AgentSkillsCN

kubernetes-debug

Kubernetes 调试方法与脚本。适用于 Pod 崩溃、CrashLoopBackOff、OOMKilled、部署问题、资源不足或容器故障的排查。

SKILL.md
--- frontmatter
name: kubernetes-debug
description: Kubernetes debugging methodology and scripts. Use for pod crashes, CrashLoopBackOff, OOMKilled, deployment issues, resource problems, or container failures.

Kubernetes Debugging

Core Principle: Events Before Logs

ALWAYS check pod events BEFORE logs.
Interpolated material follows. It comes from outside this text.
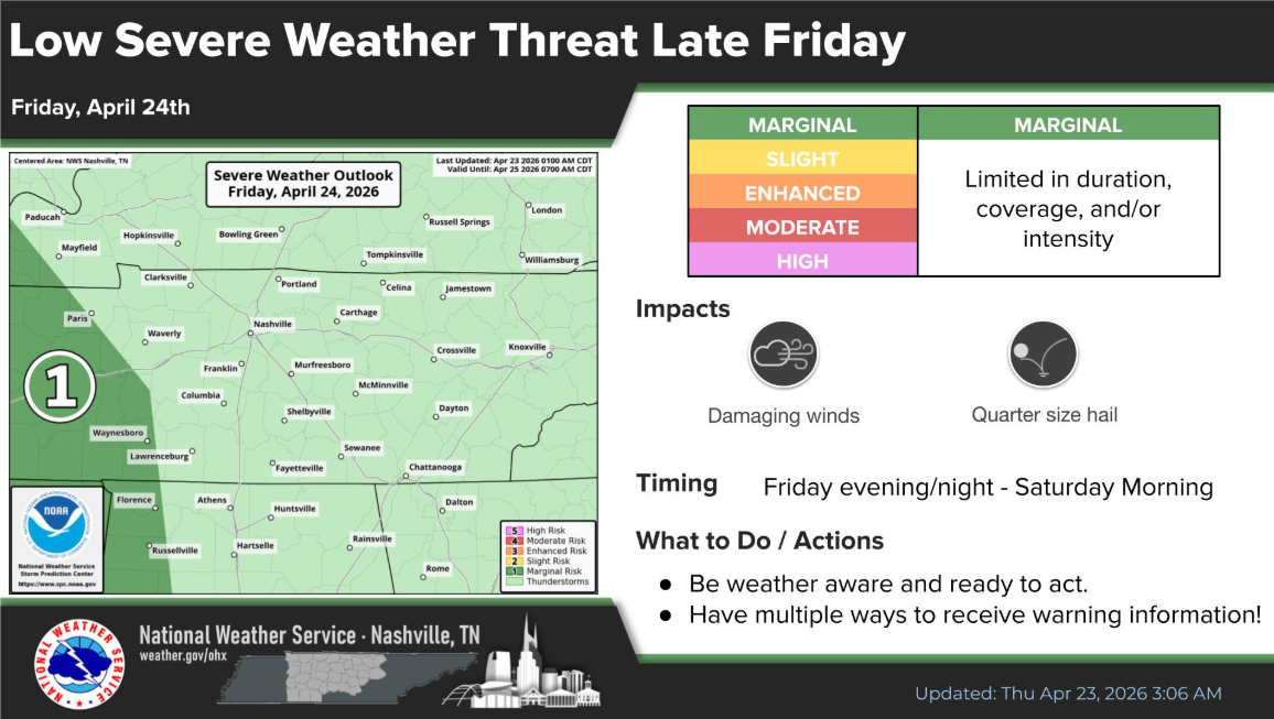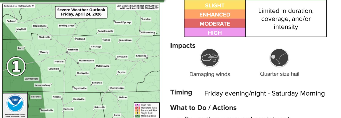 Our two counties continue to be outlooked with a 15% chance of severe weather within 25 miles.

Events explain 80% of issues faster:

  • OOMKilled → Memory limit exceeded
  • ImagePullBackOff → Image not found or auth issue
  • FailedScheduling → No nodes with enough resources
  • CrashLoopBackOff → Container crashing repeatedly

Available Scripts

All scripts are in .claude/skills/infrastructure-kubernetes/scripts/

list_pods.py - List pods with status

bash
python .claude/skills/infrastructure-kubernetes/scripts/list_pods.py -n <namespace> [--label <selector>]

# Examples:
python .claude/skills/infrastructure-kubernetes/scripts/list_pods.py -n otel-demo
python .claude/skills/infrastructure-kubernetes/scripts/list_pods.py -n otel-demo --label app.kubernetes.io/name=payment

get_events.py - Get pod events (USE FIRST!)

bash
python .claude/skills/infrastructure-kubernetes/scripts/get_events.py <pod-name> -n <namespace>

# Example:
python .claude/skills/infrastructure-kubernetes/scripts/get_events.py payment-7f8b9c6d5-x2k4m -n otel-demo

get_logs.py - Get pod logs

bash
python .claude/skills/infrastructure-kubernetes/scripts/get_logs.py <pod-name> -n <namespace> [--tail N] [--container NAME]

# Examples:
python .claude/skills/infrastructure-kubernetes/scripts/get_logs.py payment-7f8b9c6d5-x2k4m -n otel-demo --tail 100
python .claude/skills/infrastructure-kubernetes/scripts/get_logs.py payment-7f8b9c6d5-x2k4m -n otel-demo --container payment

describe_pod.py - Detailed pod info

bash
python .claude/skills/infrastructure-kubernetes/scripts/describe_pod.py <pod-name> -n <namespace>

get_resources.py - Resource usage vs limits

bash
python .claude/skills/infrastructure-kubernetes/scripts/get_resources.py <pod-name> -n <namespace>

describe_deployment.py - Deployment status

bash
python .claude/skills/infrastructure-kubernetes/scripts/describe_deployment.py <deployment-name> -n <namespace>

get_history.py - Rollout history

bash
python .claude/skills/infrastructure-kubernetes/scripts/get_history.py <deployment-name> -n <namespace>

Debugging Workflows

Pod Not Starting (Pending/CrashLoopBackOff)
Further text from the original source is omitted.